For the last several years, my mom always asks me to put together a list of things I'd like for gift-giving occasions. I have a very, very difficult time with this task, because it's so hard for me to think of things that I want. Sometimes I wonder whether I'm the only girl on the planet who doesn't have a wish list stashed away someplace, itemized and categorized by gift giver, occasion, and how much each item is desired. When it's time for me to come up with ideas for what I want, usually I resort to asking Dan for ideas, because there's just never really anything that I *want* that much. In my day-to-day life, I am so much more likely to enjoy spending money on an experience than on an item, a thing, or a stuff. I save up for trips and would nearly always prefer tickets to an event or a well-planned outing over just about anything.

It's not that I don't like looking at stuff, because sometimes I do, and sometimes I even fantasize about how it might look in my living space or what outfit I might wear it with or how cute it would be on the counter in the kitchen that's already containing about as much stuff as it can while sill remaining functional. Maybe I'll be singing a different tune when, someday, we have our own place that we can transform into anything we like. But maybe I just lack the stuff-wanting thing that seems to be so common to just about every other female person I know. In the last year or so, I've had an urge to purge, to get rid of stuff that I don't use or don't need or don't want or just don't have the space for anymore. While we wait for a job opportunity or the heavens to open up or something in California, I daydream about downsizing the amount of crap we will have to move.

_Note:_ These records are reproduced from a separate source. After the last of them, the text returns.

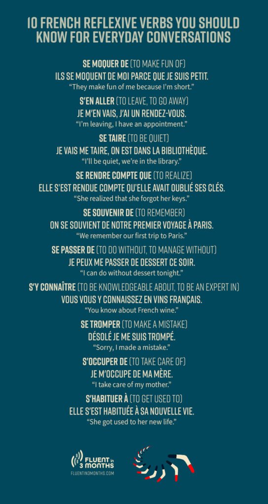 The more you watch French movies, listen to French songs, and immerse yourself in the language, the easier it will be to know when to use reflexive verbs and how to conjugate them. Practice makes perfect may be cliché advice, but in this context, it’s true!
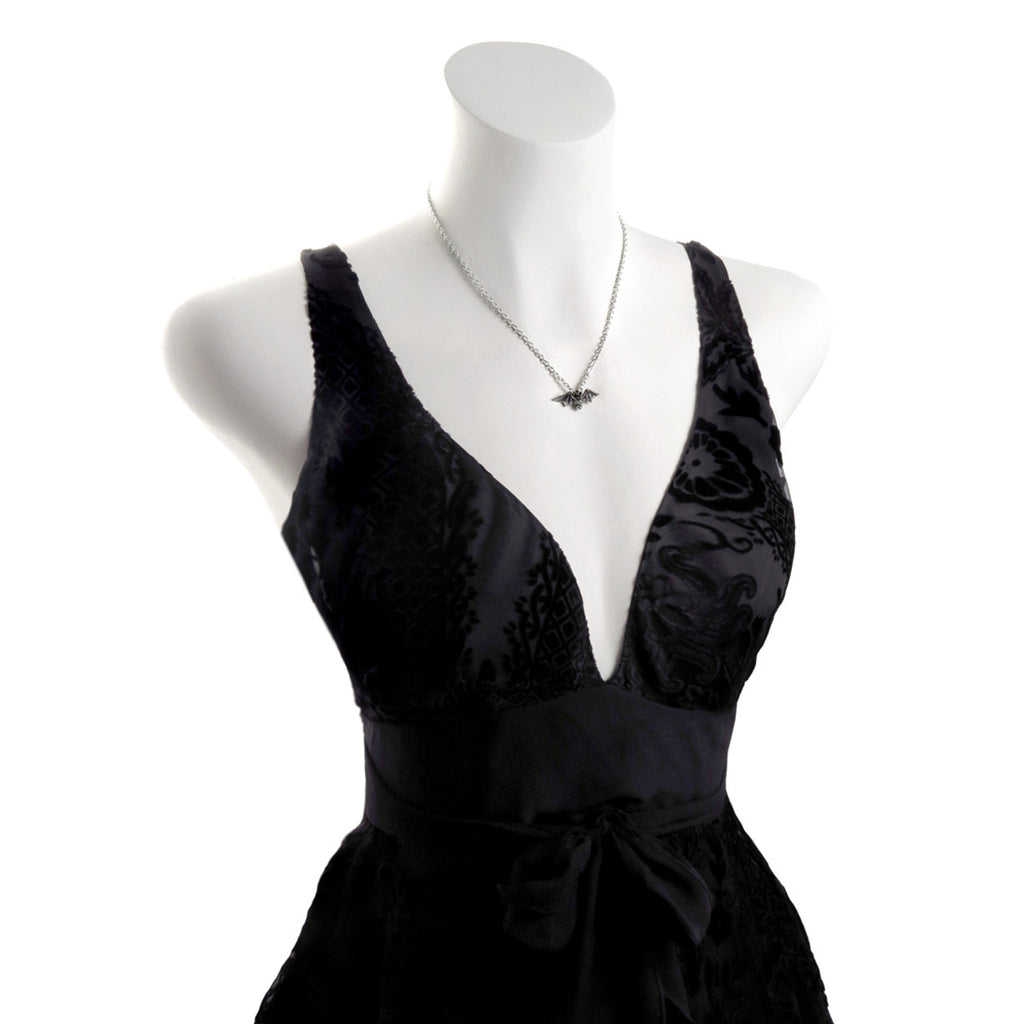 A delicate antiqued Fine English Pewter hanging bat pendant with outstretched wings on an 18" silver lead-free metal link chain, made by Alchemy of England.
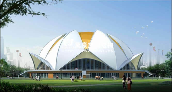 膜結(jié)構(gòu)體育館張力結(jié)構(gòu)自重小的原因在于它依靠預(yù)應(yīng)力形態(tài)而非材料來(lái)保持結(jié)構(gòu)的穩(wěn)定性。
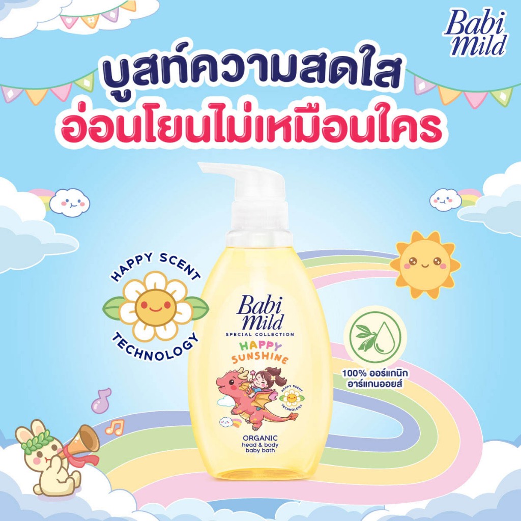 เบบี้มายด์ สบู่เหลวอาบและสระ แฮปปี้ ซันชายน์ 800 มล+รีฟิล ไบโอแกนิก350 มล x2 / Babi Mild Bath Happy Sunshine 800 ml
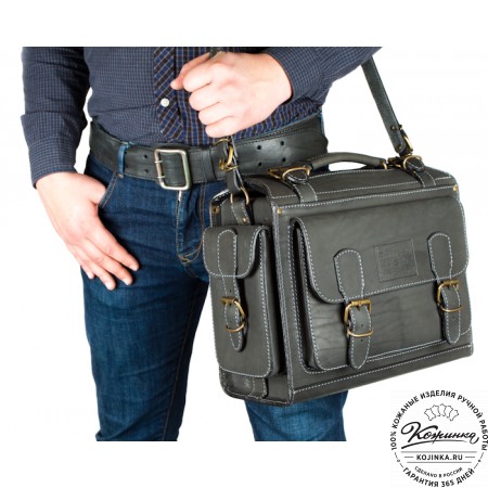 Портфель изготовлено из жесткой натуральной кожи и прочной фурнитуры.
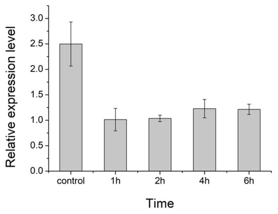 The relative expression level of HIF-1α gene in 4th instar larvae of cowpea weevils under presumably different oxygen levels. Control here denotes the procedure where RNA extraction was immediately performed when live larvae were taken out from the beans. Other treatments are marked by the duration of hours that the live larvae taken out from the beans were further exposed to the ambient air before RNA extraction.
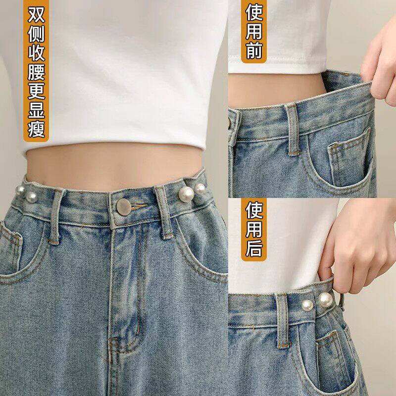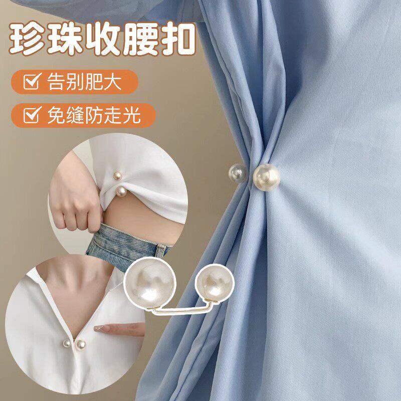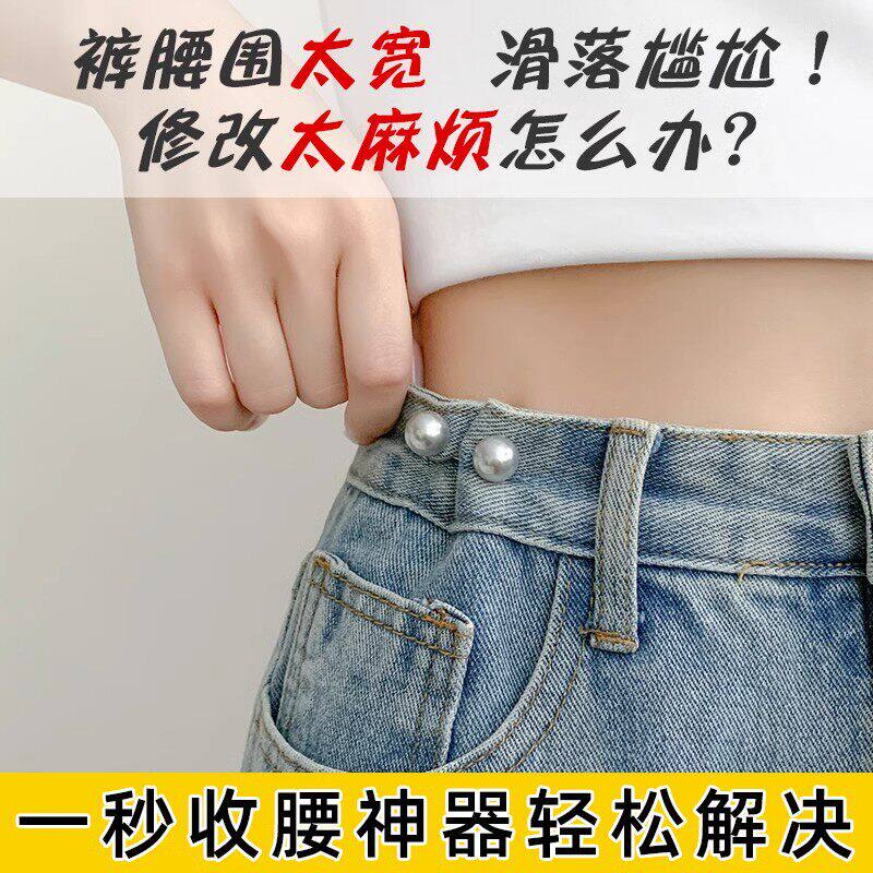 蝴蝶收腰扣子免打孔裤子裙子牛仔裤腰围改小固定神器珍珠收紧纽扣
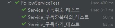 이외의 구독취소, 구독중복예외 테스트도 성공했습니다.
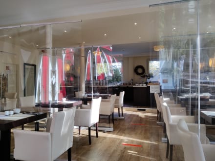 Der Frühstücksraum mit Schutzmaßnahmen gegen Corona
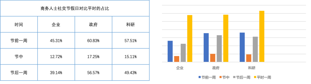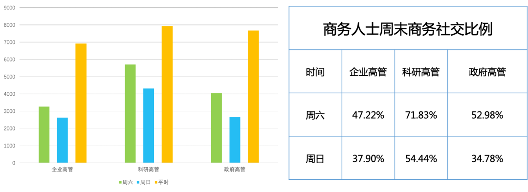 相比科研、政府机构,企业高管们则更加重视自己的私人时间,无论是在周六日还是节假日,他们的商务社交活动都明显减少。
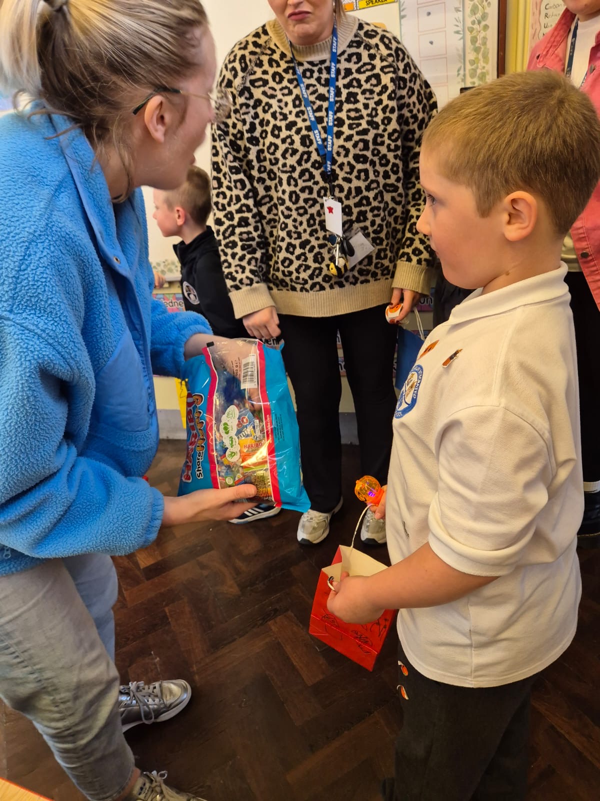 Each child from The Hive buddied up with a friend from The Nest, and together they went trick-or-treating, visiting different classrooms throughout the school. The children loved collecting their treats and showing off their creative bags.
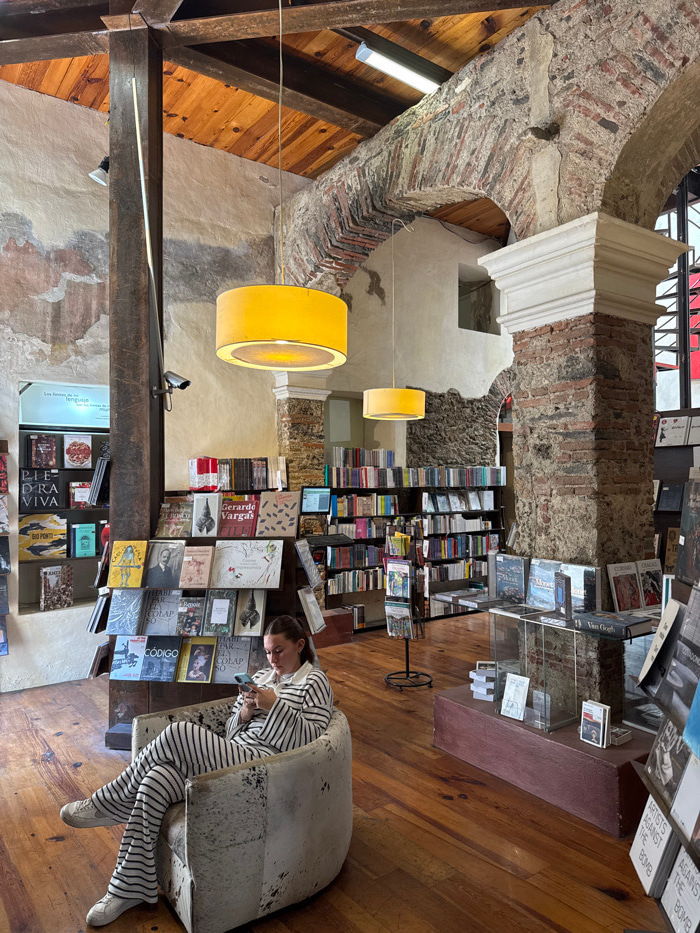 The image depicts the interior of Profética, Casa de la Lectura, a bookstore located in the historic center of Puebla, Puebla, Mexico. The environment features a rustic aesthetic with exposed wooden c…read more
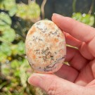 Liten Vulkan Agat/Volcano Agate håndstein. Denne er 4,5x3x1,5cm og veier ca 31g. Naturlige groper og merker forekommer.
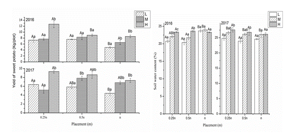 图1 种植距离和密度对红薯产量和土壤含水量的影响
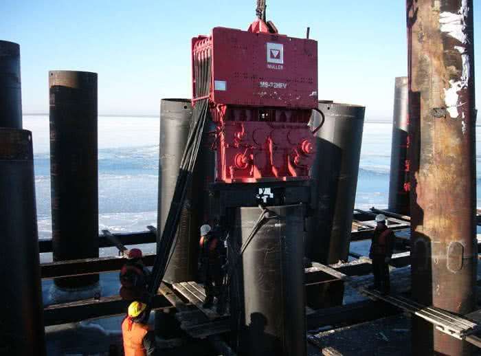 Строительство порта «Sабетта» на полуострове Ямал было выполнено с применением двух вибропогружателей: PTC 200HDRK и 120HD. Данное оборудование использовалось для установки комбинированной стены, состоящий из двойных свайных свай 14-28 м и 32 м-46 м. Эти оболочки диаметром 1450 мм и 1620 мм и толщина стенки 30 мм были монтироввны с помощью вибропреобразователей PTC, оснащенных 4 зажимами 150 т, закрепленных на промежуточной пластине. Пакеты PTC 1200C (806 кВт) и 900CO (571 кВт) были оснащены сибирским комплектом, способным работать при температуре -45 ° C
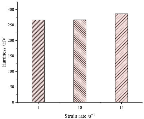 As shown in Figure 7, Vickers hardness values at 650 °C and different strain rates show that when the temperature is 650 °C, and the strain rate is 1 s−1 and 10 s−1, the hardness values of the samples have little difference, while the hardness values of the samples with a deformation rate of 15 s−1 increase, reaching 286.9 HV, indicating that a higher strain rate can increase the hardness.
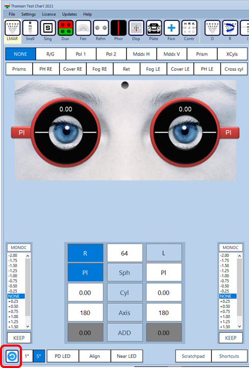 Phoropter Control ModuleUsing the Phoropter Interface Resetting the phoropter To remove all lenses and filters from the phoropter and set the centration to 64mm, click on the Reset button as shown below. The phoropter can take up to 10 seconds to fully reset.

I used to love stuff. But all the moves I did in college (and if you count moving from one room to another in the same building, I moved 9 times before graduation) taught me that it's just not worth it to haul so much STUFF around on the off chance that someday one might be able to use it. Granted, some of the things I've held on to over the years came in handy down the line - the recycled calendar origami crane mobiles I made for our wedding, for example, would not have existed had I not saved so many old calendars. And I can throw together a costume with the snap of my fingers. But so many of the "maybe someday" things take up so much space. As I get older, I find that clutter bothers me more and more, and I find myself wanting to de-clutter my living space which in turn helps me to de-clutter my brain.

Very soon here, I think I'm going to have to put on a different set of glasses in which to view all of my stuff. I'm going to look at everything with a critical eye - will keeping it enhance my life? How much enjoyment do I get out of each thing? Is my sole enjoyment just HAVING it, and if so, is that enough to outweigh NOT having it? Does it have some sort of sentimental value, or have I just been hanging onto it out of habit? I'd like to break out of the bad habit of just acquiring stuff, and figure out how to just keep the things that really enhance my life.

So how broken a girl am I, really? Am I missing out? Should I attempt to style-ify and stuff-ify my life, or am I just better off not caring all that much about what's in Anthropologie or Crate and Barrel or the boutique down the street? WHAT AM I MISSING BY NOT BEING A VERY STYLISH GIRL?